§ **Task directions**: Keep the pictures out, and restate the listing that follows exactly as written.

§ **Data provided**:
◆ ◆ ◆
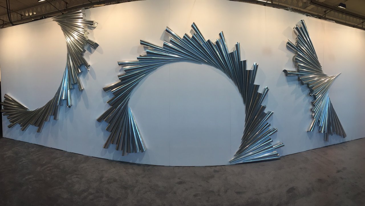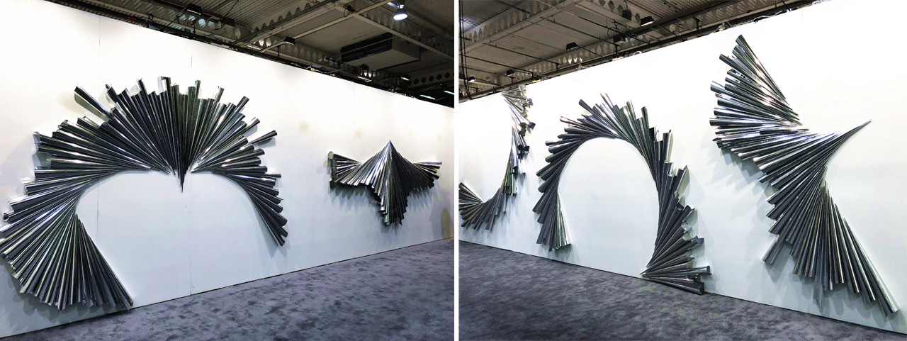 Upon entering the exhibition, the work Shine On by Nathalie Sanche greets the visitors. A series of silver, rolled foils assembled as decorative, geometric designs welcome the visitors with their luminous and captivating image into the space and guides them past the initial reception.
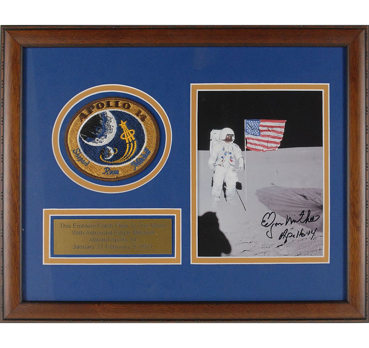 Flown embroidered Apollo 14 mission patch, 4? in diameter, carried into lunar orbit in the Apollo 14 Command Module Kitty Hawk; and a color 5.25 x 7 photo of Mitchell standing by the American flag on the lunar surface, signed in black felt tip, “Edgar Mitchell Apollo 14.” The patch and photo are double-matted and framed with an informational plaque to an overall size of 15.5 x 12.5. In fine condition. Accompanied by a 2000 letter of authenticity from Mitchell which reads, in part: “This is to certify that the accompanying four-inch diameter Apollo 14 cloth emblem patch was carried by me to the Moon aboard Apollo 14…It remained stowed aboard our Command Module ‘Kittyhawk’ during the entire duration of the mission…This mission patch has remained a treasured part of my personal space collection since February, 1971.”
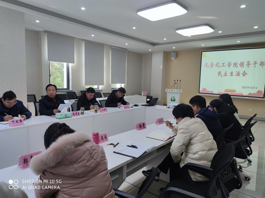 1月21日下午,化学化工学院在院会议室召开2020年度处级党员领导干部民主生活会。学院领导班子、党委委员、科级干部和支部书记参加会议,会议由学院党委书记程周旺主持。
◆ ◆ ◆
§ **Your response**:
 Upon entering the exhibition, the work Shine On by Nathalie Sanche greets the visitors. A series of silver, rolled foils assembled as decorative, geometric designs welcome the visitors with their luminous and captivating image into the space and guides them past the initial reception.
 Flown embroidered Apollo 14 mission patch, 4? in diameter, carried into lunar orbit in the Apollo 14 Command Module Kitty Hawk; and a color 5.25 x 7 photo of Mitchell standing by the American flag on the lunar surface, signed in black felt tip, “Edgar Mitchell Apollo 14.” The patch and photo are double-matted and framed with an informational plaque to an overall size of 15.5 x 12.5. In fine condition. Accompanied by a 2000 letter of authenticity from Mitchell which reads, in part: “This is to certify that the accompanying four-inch diameter Apollo 14 cloth emblem patch was carried by me to the Moon aboard Apollo 14…It remained stowed aboard our Command Module ‘Kittyhawk’ during the entire duration of the mission…This mission patch has remained a treasured part of my personal space collection since February, 1971.”
 1月21日下午,化学化工学院在院会议室召开2020年度处级党员领导干部民主生活会。学院领导班子、党委委员、科级干部和支部书记参加会议,会议由学院党委书记程周旺主持。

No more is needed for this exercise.